Have you ever had a brilliant culinary vision, only for reality to gently redirect you? That was me with kebabs. I was attempting to recreate a delicious veggie kebab, meticulously mixing my ingredients, confidently envisioning perfectly grilled skewers.
When the skewers fail
I loaded up my skewers, placed them on the grill — and then, disaster. The mixture just would not stick. With time ticking and hunger growing, I salvaged what I could, shaping the mix into round patties and pan-frying them. They were delicious. But as I bit into one, a thought hit me: this feels more like a cutlet than a kebab.
What kebab really means
The word kebab comes from Arabic and Persian, broadly meaning grilled or roasted meat. But across South Asia, the Middle East, and Central Asia, kebab has stretched to mean almost any shaped, spiced, cooked protein — skewered or not, grilled or pan-fried, flat or round.

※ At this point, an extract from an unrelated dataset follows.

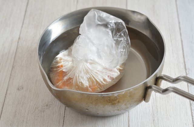 冷凍ストックしたスープストックは、湯せんで解凍あたためができる。
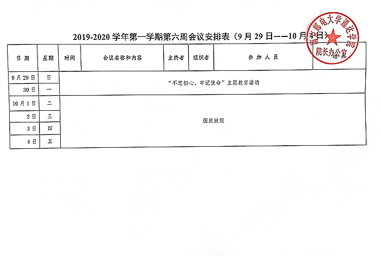 2019-2020学年第一学期第六周会议安排表

Seekh kebabs are cylindrical, pressed onto skewers, cooked over flame. Shami kebabs are pan-fried patties of minced meat and lentils. Galouti kebabs are so soft they were historically made for a toothless Nawab. Every version is a legitimate answer to the same question: how do you take spiced, seasoned meat and give it a shape worth eating?
The lesson in imperfection
My pan-fried patties turned out to be closer to a shami kebab — a centuries-old preparation born from the same instinct I had that evening: make it work with what you have. The grill failure was not a failure at all. It was the kitchen steering me toward something older and equally delicious.